Beneath this line sits some data. Return only its lines from the one holding "หลังรับประทานอาหารเช้า นำท่านเดินทางสู่ สวนดอกไม้ชิกิไซ" through the one holding "Mit Papst Franziskus...", inclusive, exactly, with the images removed.

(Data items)
───

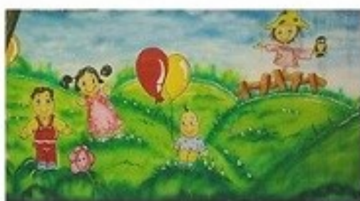
بازی در طبیعت
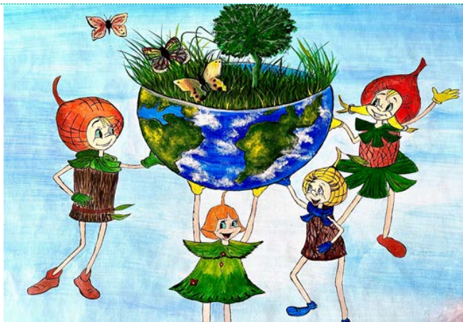
рис. МБДОУ №50 «Малыш»

Природа каждый день одаривает нас своими богатствами. Она дает нам тепло, природные ресурсы или просто позволяет жить на своих бескрайних просторах. Мы должны всегда отвечать природе взаимностью и сохранять чистоту нашей планеты.
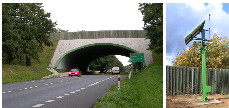
Fotografia 1. Przejście dla zwierząt nad drogą krajową nr 5 oraz zestaw obserwacyjny wraz z układem zasilającym

W skład zestawu obserwacyjnego wchodzi: kamera w hermetycznej, podgrzewanej obudowie, radiowy nadajnik sygnału wizyjnego, oświetlacz podczerwieni z wyłącznikiem zmierzchowym oraz zespół urządzeń zasilających – baterie ogniwo fotowoltaicznych, regulator napięcia, baterie akumulatorów. Pobór mocy całego zestawu w zależności od pory dnia i roku zmienia się w granicach od 10 W do 45 W. Urządzenia zestawu obserwacyjnego zaprojektowano do bezobsługowej pracy przez 24 godziny na dobę.
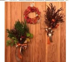
オリジナルクラフト作り
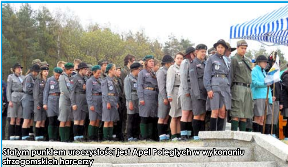
Stałym punktem uroczystości jest Apel Poległych w wykonaniu strzegomskich harcerzy
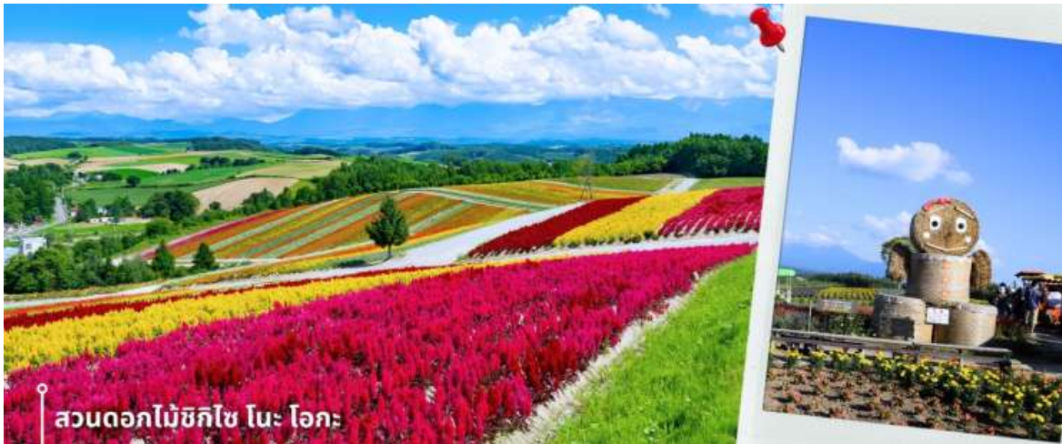
สวนดอกไม้ชิกิไซ โนะ โอะกะ

หลังรับประทานอาหารเช้า นำท่านเดินทางสู่ สวนดอกไม้ชิกิไซ โนะ โอะกะ ชื่อเต็มๆว่า Panoramic Flower Gardens Shikisai No Oka ซึ่งในช่วงซัมเมอร์จะเป็นเนินเขาสีสันสดใสกว้างสุดสายตา พื้นที่กว่า 15 เฮกตาร์ หรือประมาณ 93 ไร่ เป็นสถานที่ที่ได้ชื่อว่า มีความสวยงามทั้ง 4 ฤดู ที่สวนแห่งนี้จะมีดอกไม้หลากหลายสายพันธุ์ ทั้ง ลาเวนเดอร์ ทิวลิป โคเคีย ทานตะวัน และอื่นๆ มากกว่า 30 ชนิดที่สลับกันไปตามฤดูกาล อย่างในช่วงซัมเมอร์ คือช่วงเวลาที่ดี บรรดาดอกไม้และพืชพันธุ์จะบานสะพรั่งสุดสายตา พร้อมกับบรรยากาศอันสดใสรวมถึงกิจกรรมกลางแจ้งที่ท่านเพลิดเพลิน โดยแต่ละช่วงเวลาจะมีดอกไม้ประจำฤดูกาลบานต้อนรับในบรรยากาศสดชื่น และยัง มีทิวเขาที่งดงามเป็นเหมือนฉากหลัง ให้ท่านได้อิสระเดินชมความสวยงามและเก็บภาพความประทับใจ
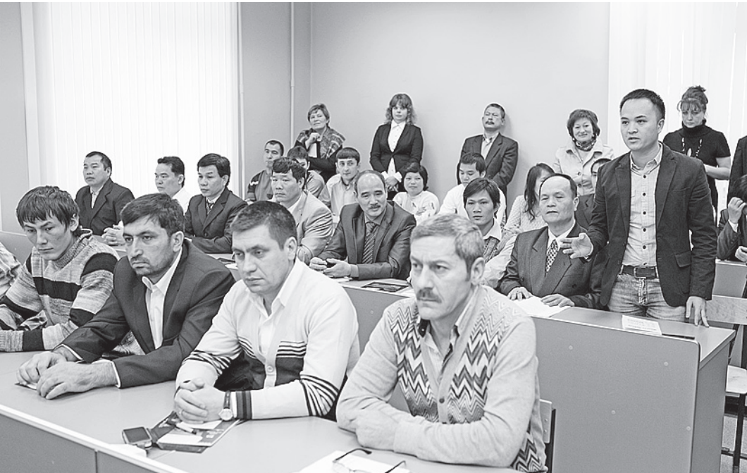
Сертификат, который иностранным гражданам выдадут в школе мигранта, позволит им в дальнейшем получить разрешение на работу.

Проект «Школа мигранта», который реализуется в нашей области, как раз направлен на обучение трудовых мигрантов основам русского языка, куль-
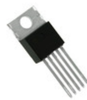
MCP1826-1802E/AT Microchip Technology IC REG LDO 1.8V 1A TO220-5
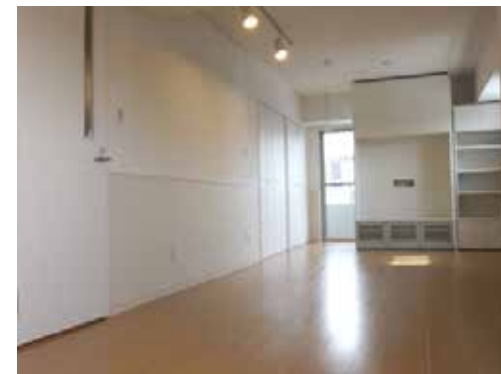
奥行きがあり広さを感じる室内
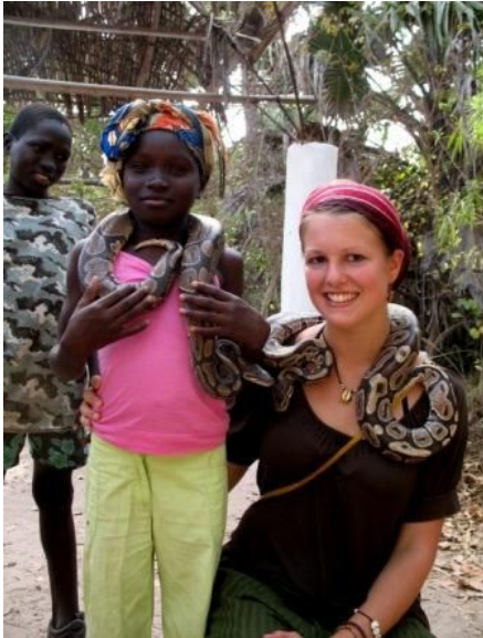
Keine Angst vor Schlangen...
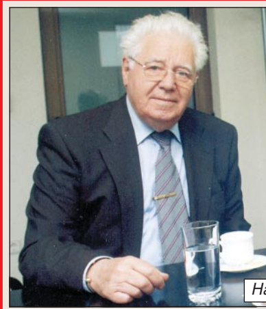
На стр. 9, 10, 18
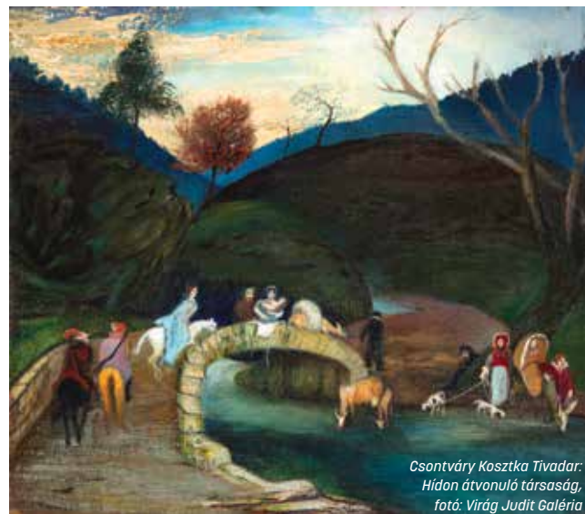
Csontváry Kosztka Tivadar: Hídon átvonuló társaság
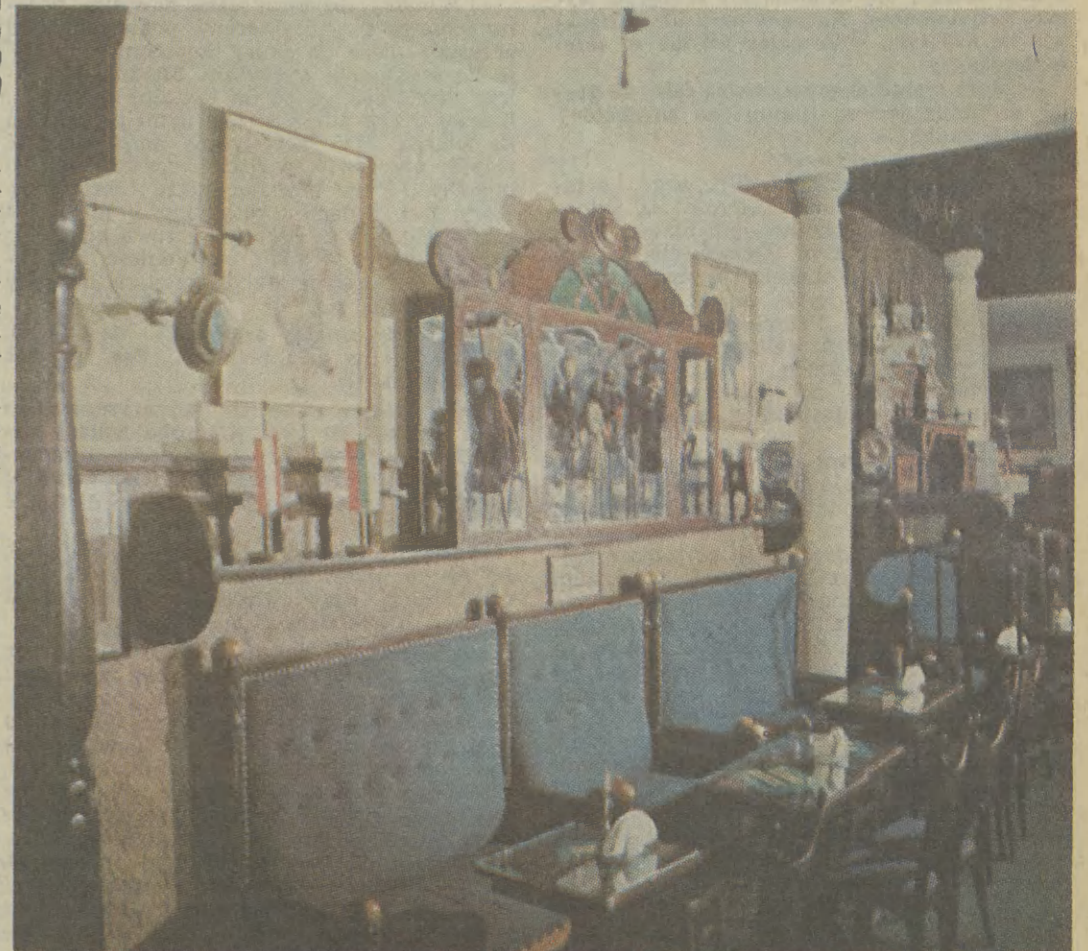
Jamę Michalikową i zabytkowy zegar

Boy był drugim dzieckiem niezwykle małżeństwa krakowsko-warszawskiego. Ojciec Władysław, pochodził ze starej rodziny mającej posiadłość
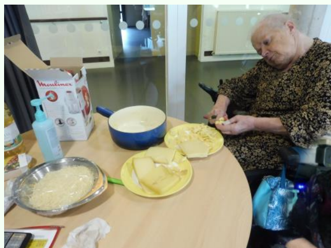
Découverte pour certains de la gastronomie Savoyarde et partage des savoirs Bretons!!
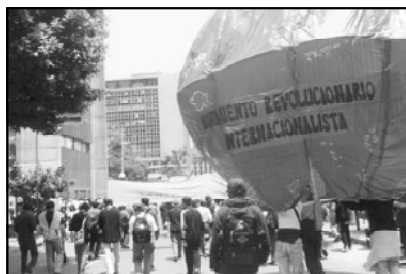
MRI presente el 1o. de Mayo 1998 - Bogotá

Este Primero de mayo debemos levantar en alto la bandera del internacionalismo proletario tomando como propia la lucha de nuestros hermanos que en países como Perú, Nepal y Filipinas libran una Guerra Popular dirigidos por auténticos partidos comunistas revolucionarios; haciendo nuestra la defensa de revolucionarios que como Mumia Abu Jamal en Estados Unidos está condenado a muerte y de Abimael Guzmán -el Presidente Gonzalo- quien en el Perú se encuentra confinado a aislamiento total con el grave riesgo de que sea asesinado.
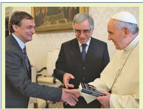
Mit Papst Franziskus...

Nach diesen eindrucksvollen Tagen heißt es „Arrivederci Roma“. Im Laufe des Tages werden Sie zum Flughafen gebracht und fliegen zurück nach Deutschland..
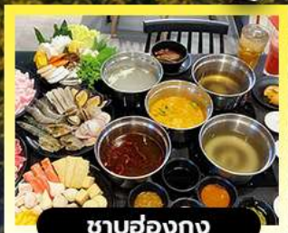
ซาบู่ฮ่องกง
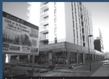
Aménagements extérieurs pour les nouveaux commerces

D'autres commerces seront prévus au cœur du quartier, le Pôle Courrouze, près du futur groupe scolaire.

───

*Answer area*
หลังรับประทานอาหารเช้า นำท่านเดินทางสู่ สวนดอกไม้ชิกิไซ โนะ โอะกะ ชื่อเต็มๆว่า Panoramic Flower Gardens Shikisai No Oka ซึ่งในช่วงซัมเมอร์จะเป็นเนินเขาสีสันสดใสกว้างสุดสายตา พื้นที่กว่า 15 เฮกตาร์ หรือประมาณ 93 ไร่ เป็นสถานที่ที่ได้ชื่อว่า มีความสวยงามทั้ง 4 ฤดู ที่สวนแห่งนี้จะมีดอกไม้หลากหลายสายพันธุ์ ทั้ง ลาเวนเดอร์ ทิวลิป โคเคีย ทานตะวัน และอื่นๆ มากกว่า 30 ชนิดที่สลับกันไปตามฤดูกาล อย่างในช่วงซัมเมอร์ คือช่วงเวลาที่ดี บรรดาดอกไม้และพืชพันธุ์จะบานสะพรั่งสุดสายตา พร้อมกับบรรยากาศอันสดใสรวมถึงกิจกรรมกลางแจ้งที่ท่านเพลิดเพลิน โดยแต่ละช่วงเวลาจะมีดอกไม้ประจำฤดูกาลบานต้อนรับในบรรยากาศสดชื่น และยัง มีทิวเขาที่งดงามเป็นเหมือนฉากหลัง ให้ท่านได้อิสระเดินชมความสวยงามและเก็บภาพความประทับใจ
Сертификат, который иностранным гражданам выдадут в школе мигранта, позволит им в дальнейшем получить разрешение на работу.

Проект «Школа мигранта», который реализуется в нашей области, как раз направлен на обучение трудовых мигрантов основам русского языка, куль-
MCP1826-1802E/AT Microchip Technology IC REG LDO 1.8V 1A TO220-5
奥行きがあり広さを感じる室内
Keine Angst vor Schlangen...
На стр. 9, 10, 18
Csontváry Kosztka Tivadar: Hídon átvonuló társaság
Jamę Michalikową i zabytkowy zegar

Boy był drugim dzieckiem niezwykle małżeństwa krakowsko-warszawskiego. Ojciec Władysław, pochodził ze starej rodziny mającej posiadłość
Découverte pour certains de la gastronomie Savoyarde et partage des savoirs Bretons!!
MRI presente el 1o. de Mayo 1998 - Bogotá

Este Primero de mayo debemos levantar en alto la bandera del internacionalismo proletario tomando como propia la lucha de nuestros hermanos que en países como Perú, Nepal y Filipinas libran una Guerra Popular dirigidos por auténticos partidos comunistas revolucionarios; haciendo nuestra la defensa de revolucionarios que como Mumia Abu Jamal en Estados Unidos está condenado a muerte y de Abimael Guzmán -el Presidente Gonzalo- quien en el Perú se encuentra confinado a aislamiento total con el grave riesgo de que sea asesinado.
Mit Papst Franziskus...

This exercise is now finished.